@ptrblck, I am trying to use WeightedRandomSampler for handling imbalance in the dataset. However, the intuition behind it is not clear to me. My target labels are in form of one-hot encoded vectors as below.
train_labels.head(5)
|
none |
infection |
ischaemia |
both |
0 |
1 |
0 |
0 |
0 |
1 |
1 |
0 |
0 |
0 |
2 |
0 |
1 |
0 |
0 |
3 |
0 |
1 |
0 |
0 |
4 |
0 |
1 |
0 |
0 |
Below are the steps, I used to calculate for the weighted random sampler. Please correct me if I am wrong with the interpretation of any steps.
- Count the number of samples per class in the dataset
class_sample_count = np.array(train_labels.value_counts())
class_sample_count
array([2555, 2552, 621, 227])
- Calculate the weight associated with each class
weight = 1. / class_sample_count
weight
array([0.00039139, 0.00039185, 0.00161031, 0.00440529])
- Calculate the weight for each of the samples in the dataset.
samples_weight = np.array(weight[train_labels])
print(samples_weight[1], samples_weight[2] )

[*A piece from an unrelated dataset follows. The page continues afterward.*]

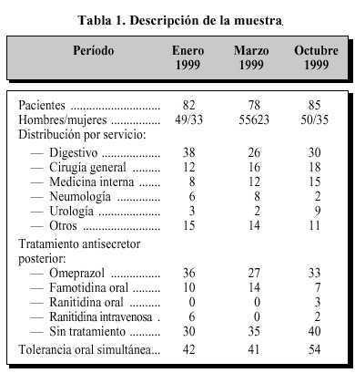 Lascaracterísticas de los pacientes incluidos en los tresperíodos aparecen en la tabla1. No se aprecian diferencias relevantes en el númerode pacientes tratados, en la distribución por sexo oservicio, en el número de pacientes que recibíanotros fármacos por vía oral, ni en tratamientoantisecretor posterior.
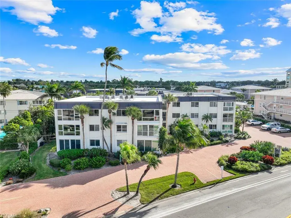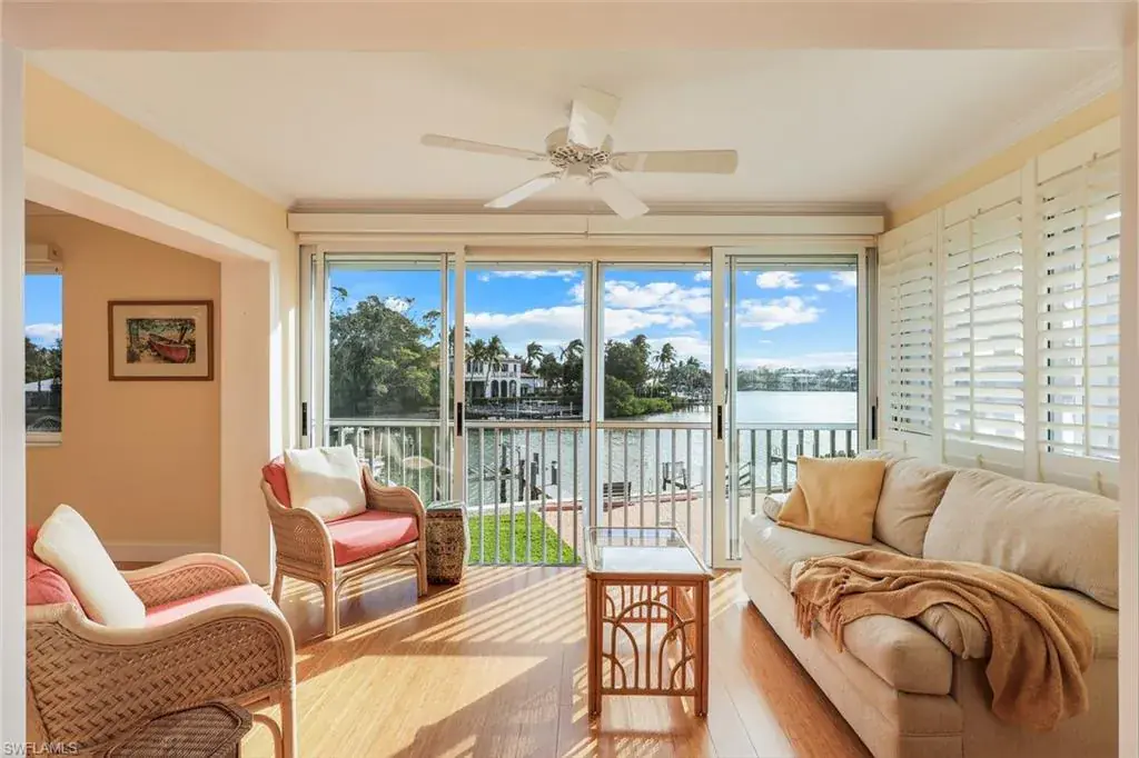 MAJOR PRICE IMPROVEMENT…BEAUTIFUL BAY VIEW from 2nd floor unit closest to the BAY in sought after La Villa Riviera. ACROSS THE STREET FROM THE BEACH with beach access walkway. TURNKEY, RENOVATED, FURNISHED 2 bedroom and 2 bathroom unit with an enclosed lanai that creates more open living space and an abundance of natural light. New BAMBOO flooring in living area, carpet in bedrooms, and plantation shutters throughout. The AC was replaced in January 2024 and the water heater in 2023. Amenities include a spacious central lanai surrounded by lush landscaping overlooking the beautiful heated pool, lounge deck and grilling area. The lanai, where frequent social events are held, is adjacent to newly renovated meeting room, kitchen and library area, sizeable storage closet, a workroom, and laundry. ALL of this, just minutes to 5th Ave South’s fine dining and shopping.All engineering studies for building are complete and any change reflected in reserves.

[0.00039185 0.00039139 0.00039139 0.00039139] #label 0 in actual data
[0.00039139 0.00039185 0.00039139 0.00039139] #label 1 in actual data
The dimension of samples_weight
comes to be [5955, 4]. 5955 are the total no. of images in the original set, and 4 corresponds to the total number of classes.
Now how this mapping has been done? Since class weight
for class 0 is 0.00039139 (obtained in step 2). How were the rest of the three entries picked up for class 0?
- Convert the np.array to tensor
samples_weight = torch.from_numpy(samples_weight)
samples_weight
tensor([[0.0004, 0.0004, 0.0004, 0.0004],
[0.0004, 0.0004, 0.0004, 0.0004],
[0.0004, 0.0004, 0.0004, 0.0004],
...,
[0.0004, 0.0004, 0.0004, 0.0004],
[0.0004, 0.0004, 0.0004, 0.0004],
[0.0004, 0.0004, 0.0004, 0.0004]], dtype=torch.float64)
After conversion to tensor, all the samples appear to have the same value in all four enteries? Then how does Weighted Random Sampling
is oversampling the minority class?
I will be grateful for any leads. Thank you.